So Anya is having her birthday sleepover. She wanted a spa theme, which is actually simple when you already have three girly-girls living with you (and you happen to be one yourself). I decorated the house, assembled various beauty products, bought makeup and eye masks to take home, and made some goodies for snacking. I even convinced Andy to take the little girls out to dinner so Anya could have some alone time with her friends. It was all set up, and she was so excited. Here are a few pics of the decor and of Anya getting all beautified.
So let me begin by saying that hosting a sleepover always seems like an awesome idea. You figure you can handle a few extra girls in the house, right? They might be a little loud and rambunctious, but it’s only for a night. Then, after about an hour, you begin to feel slightly overwhelmed, but you can do this. Your daughter was just at a sleepover at <insert child’s name>’s house, and they never complained. Within two hours, you are thinking that you must be the most awesome parent in the world to agree to this. Within three hours, you are swearing that you will never have a multi-girl sleepover at your house again. You want to applaud your parents for letting you do these countlessly through your childhood. I had one almost every year for my birthday; one year, there were at least 10 extra girls at my party. I vacillate between calling my mom crazy or saintlike. (Disclaimer: I am not a horrible person for thinking this. I really believe every parent does. And even when I feel like this, I still know I’ll do it again because of how happy it makes Anya).
I am supervising this party and have been extremely amused and educated by the tales and opinions of these 9-10 year old girls. I cannot help but share a few of these gems of wisdom with you all:
– Girl 1: “I went to a party before. It wasn’t decorated like this…but the food was better.” No apology issued after this honest statement.
– Girl 2: “My boyfriend told me…”
Me: “Wait, you have a boyfriend?”
Girl 2: “Yeah, I have known him since I was 2 weeks old. He had another girlfriend, but he was mean to her. Now I don’t like her because if you are mean to my boyfriend, I won’t like you.”
– Girl 1: (watching the news, which I mistakenly turned to) “Oh my gosh, Justin Bieber got arrested!”
Girl 2: “Yeah, he was driving drunk and was acting really bad.”
Girl 3: “My question is, how did he get drunk? He cannot drink yet.”
Girl 2: “You know, it’s about time he got in trouble. He has been really bad.”
Girl 1: “I’m not going to like him anymore.”
Girl 3: “His career is ruined!”
– Girl 2: “What should I do when I get up tomorrow? Because I get up pretty early.”

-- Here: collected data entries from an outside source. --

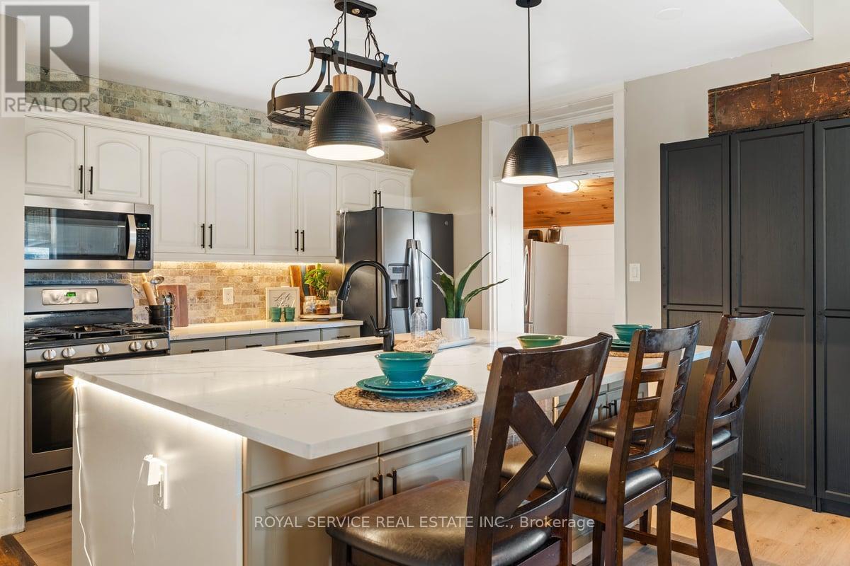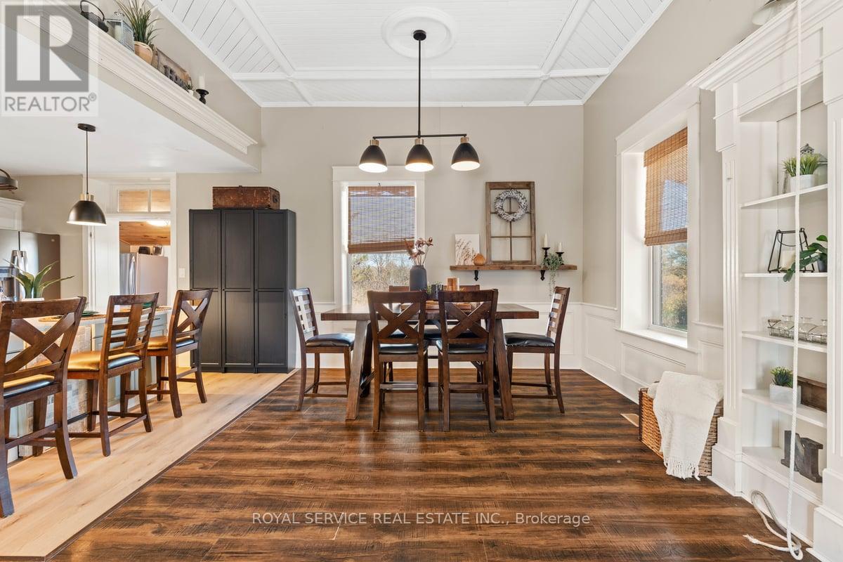 Historic Schoolhouse Turned Dream Home! Built in 1904, Harold School S.S. No. 14 has been beautifully transformed into a truly unique residence. From the original school bell still resting in the belfry to the character-filled hardwood floors, history is alive here - yet perfectly balanced with thoughtful modern updates. A recently built gorgeous covered front porch enhances the exterior and offers the ideal spot for morning coffee or evening drinks in a peaceful country setting where you can often watch the neighbours pass by in their horse-drawn buggies. Step inside to soaring 11' ceilings and oversized windows that flood the open living and dining areas with natural light. The updated kitchen boasts a massive quartz island designed for entertaining, leading seamlessly to a large bright pantry with a walkout to a 12' x 12' deck. The main floor also features a 4-piece bath with soaker tub, two spacious bedrooms, and convenient laundry. Upstairs, in the loft, a private suite awaits with skylights, stunning inlay hardwood floors, a 2-piece ensuite, and walk-in closet. The lower level expands your living space with a freshly painted rec room, office, and plenty of storage. Outside, a 24' x 30' insulated garage (built in 2020) with hydro, 10' ceilings, woodstove, and lean-to delivers incredible versatility for hobbies, storage, or workshop use. With modern upgrades, efficient utilities, and high-speed internet, this rare offering blends historic charm with everyday comfort in a welcoming country setting. (41493123)
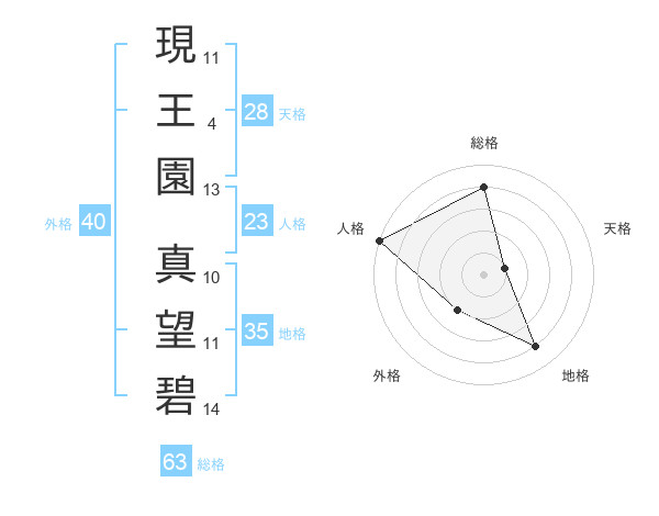 現王園 真望碧さんを姓名の画数から五運を鑑定
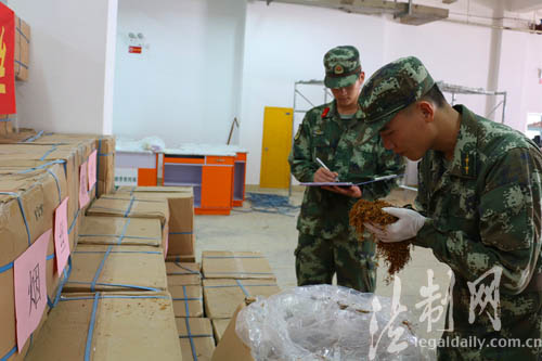圖為邊防官兵查看查獲煙絲
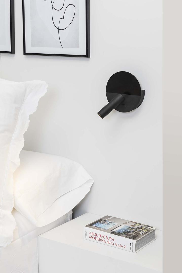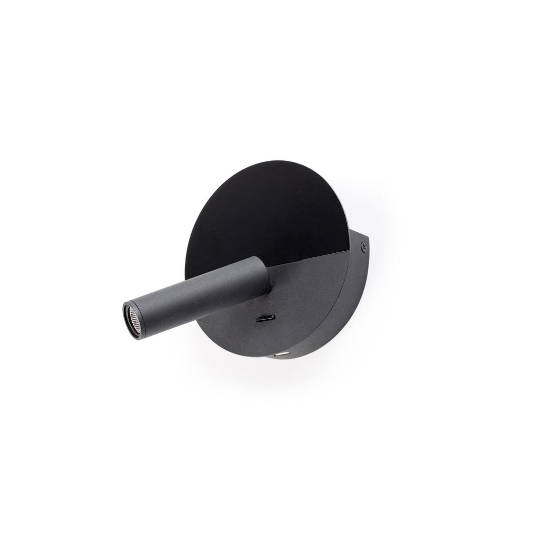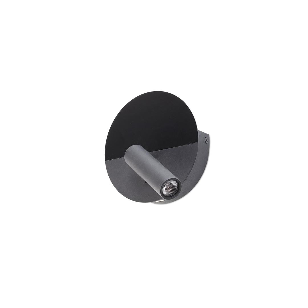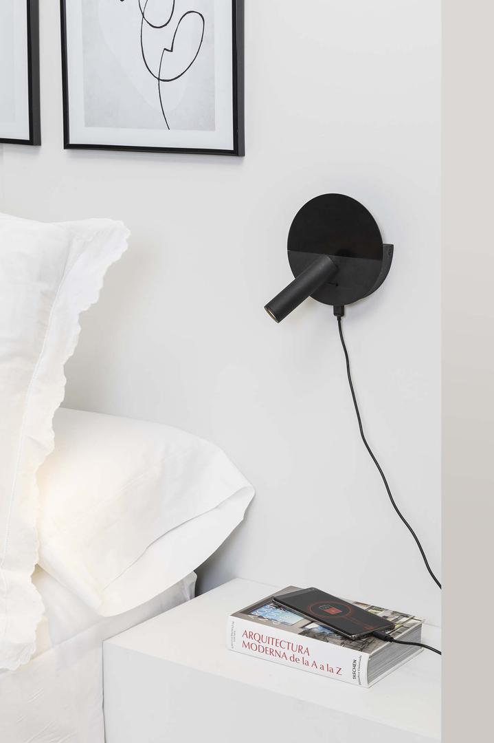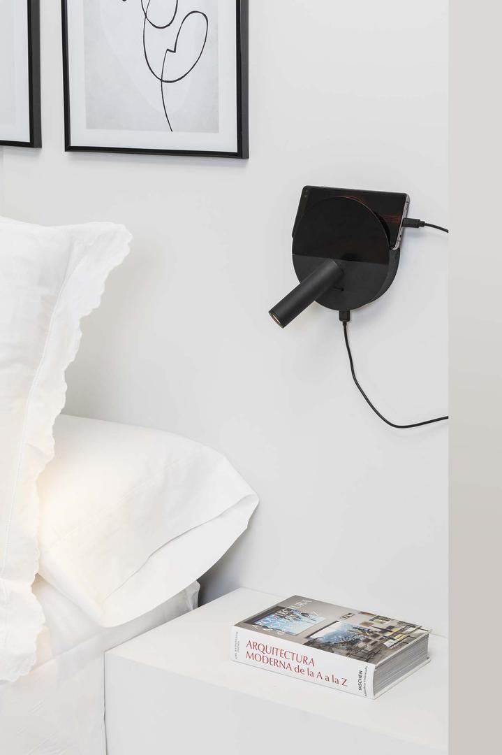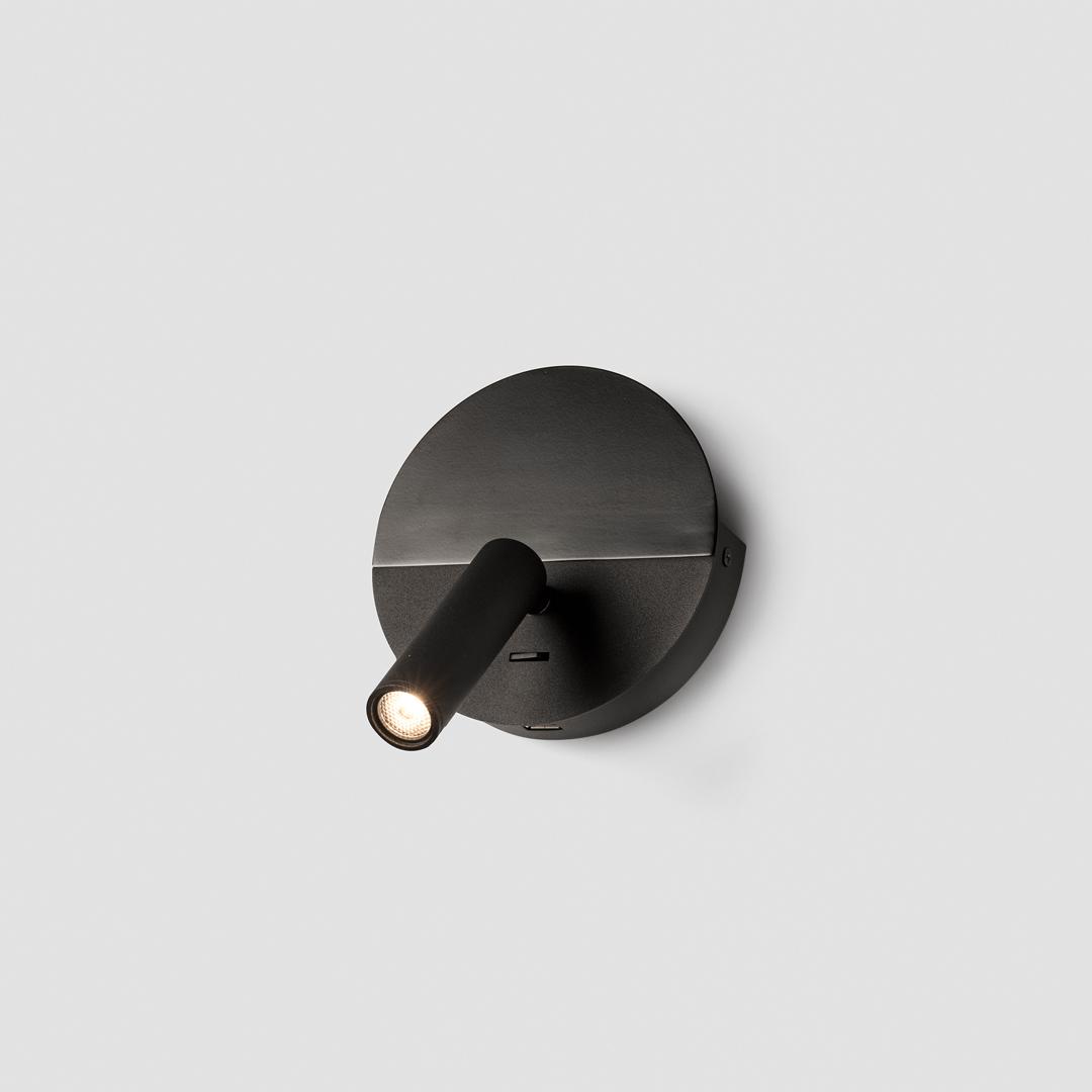 DUAS — это чёрный настенный светильник для чтения, разработанный Faro Lab и изготовленный из стали. Его круглая форма разделена на две части, причём верхняя часть более матовая. Он оснащён USB-входом Type-C мощностью 5 Вт, идеально подходящим для зарядки мобильного телефона, и небольшим поддоном сзади, чтобы оставлять устройство во время зарядки. DUAS идеально подходит для освещения помещений.

Me: “Well, what time do you get up?”
Girl 2: “3:00 am or 6:00 am.”
Me: “Do not wake up at 3:00. Let’s shoot for later, okay?”
Girl 2: “Okay, I’ll wake up at 4:00. ***Pray for me. Seriously.***
– Girl 1: “Let me ask you something. Do you spoil your kids?”
Me: “I don’t think so…why?”
Girl 1: “On Valentine’s Day, do you let them eat all their candy or only a little bit?”
Me: “Only a little.”
Girl 1: (thinks about this) “Okay then.”
Me, in my head: Did I just get put in line by a 9 year old?
So many things have been discussed and said already, and we haven’t even made it to breakfast. Kids are hilarious, but these conversations have kept me secretly smiling all night long.
Thank God for coffee – I’ll see you all at 4:00 am.